2006/06/14

金閣寺



三島由紀夫の「金閣寺」を読みました。何年か前から寺等の建築物にも興味を持ち、昨年は京都に行き金閣寺を見てきたのも手伝って、この本を読まねばと思っていたのですが、いかんせん他の本を読むのに忙しく、読めていなかったのです。この前、夏目漱石を読んだので、なんとなく次は昭和の文豪を読もうと思い立ち、彼の「金閣寺」を選んだのです。いや面白かった。この本は、昭和25年に実際に起きた、金閣寺全焼事件を題材に、その犯人である金閣寺の僧である青年を主人公に、告白形式で綴った物語であります。どんな事柄にも当然、そのプロセスを経て行われるのであって、彼が金閣寺を燃やすに至るまでを克明に書かれております。ドモリというハンデを背負い、その事が常に主人公に対して悩ませる種となる。美しい有偽子に心を奪われるもかなわず、その死を願い、かなう場面は強烈でした。

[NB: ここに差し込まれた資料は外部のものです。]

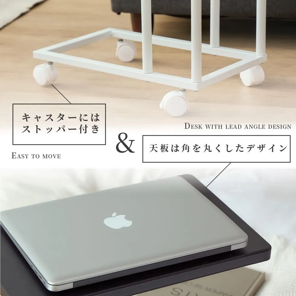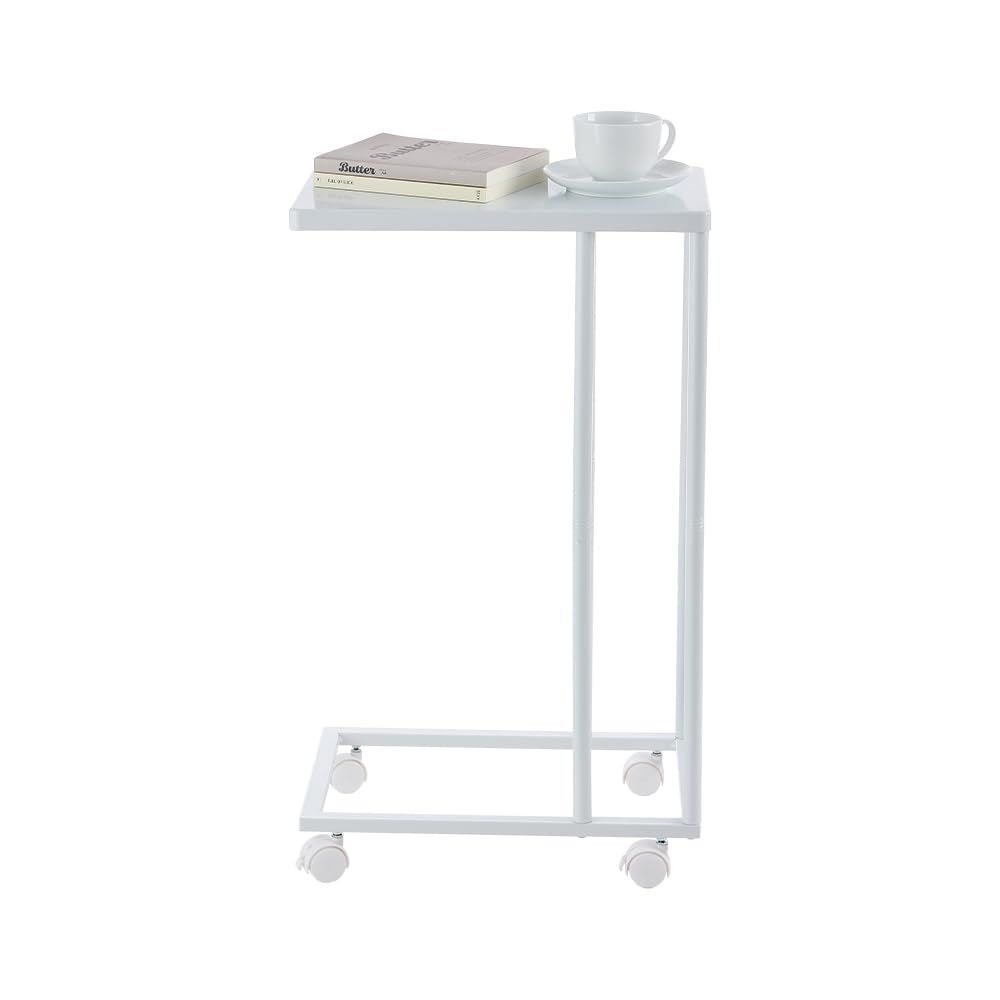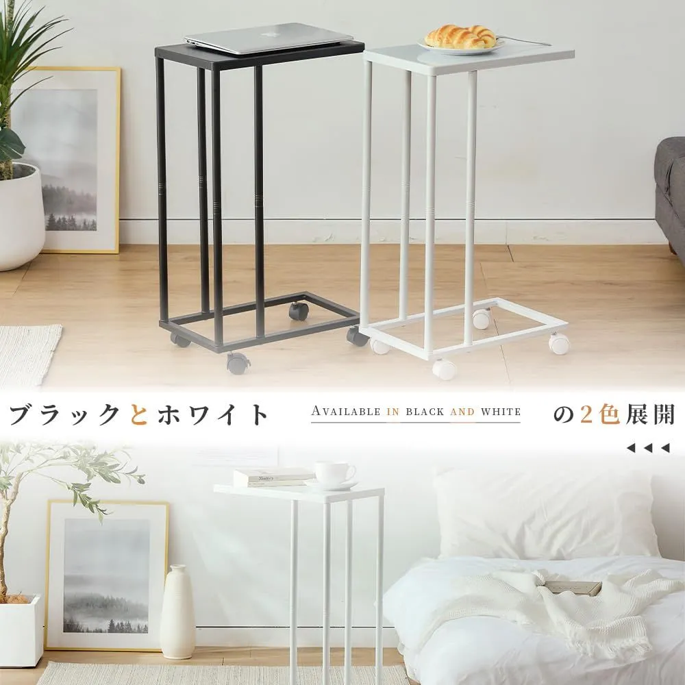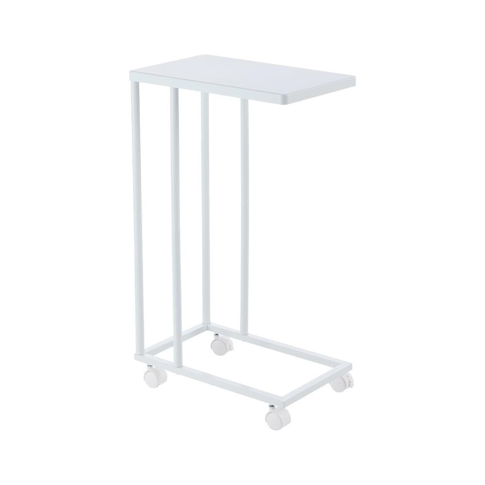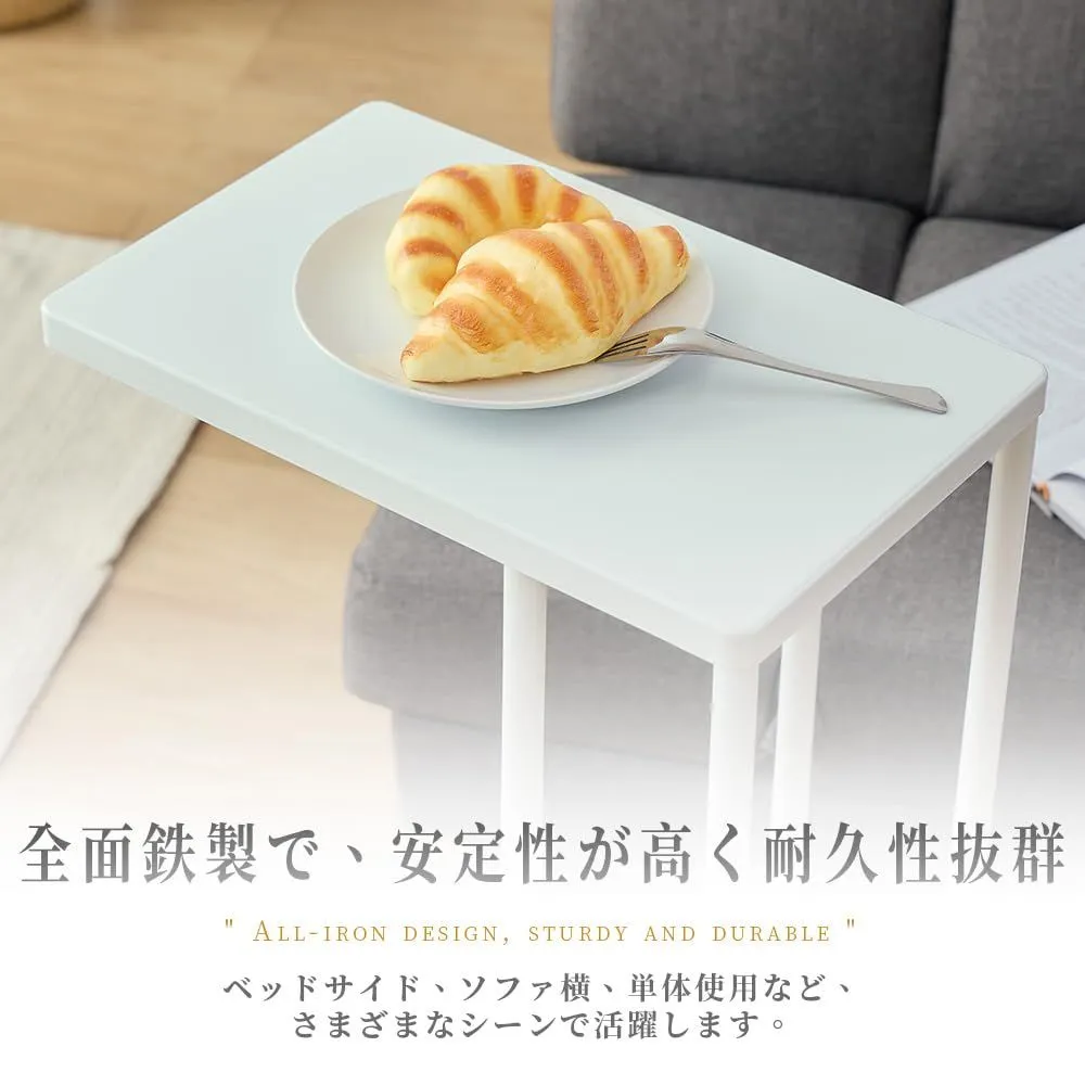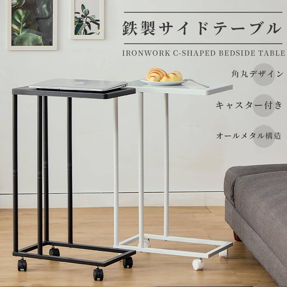 鉄製サイドテーブル キャスター付き 角丸天板 オールメタル構造 ベッドサイド・ソファ横に最適 コンパクト設計-ホワイト

己と対称的な美に対する幻想を抱き、ついには破壊しようとする主人公。自分を受け入れるが、全くタイプの違う二人の友。自殺。老師。父。母に対する憎しみ。そして軍服。お茶碗。着物。女。乳房。このシーンは、究極のエロティシズムです。こんな話を書けるなんて...三島は凄いなぁ。主人公の告白は、三島の告白とも読めてきました。これは誰しもが、この主人公にどこかしらに何か共感を覚えるのではないでしょうか。三島の表現者としての真剣さを感じる。うーん、屈折している。新潮文庫。552円。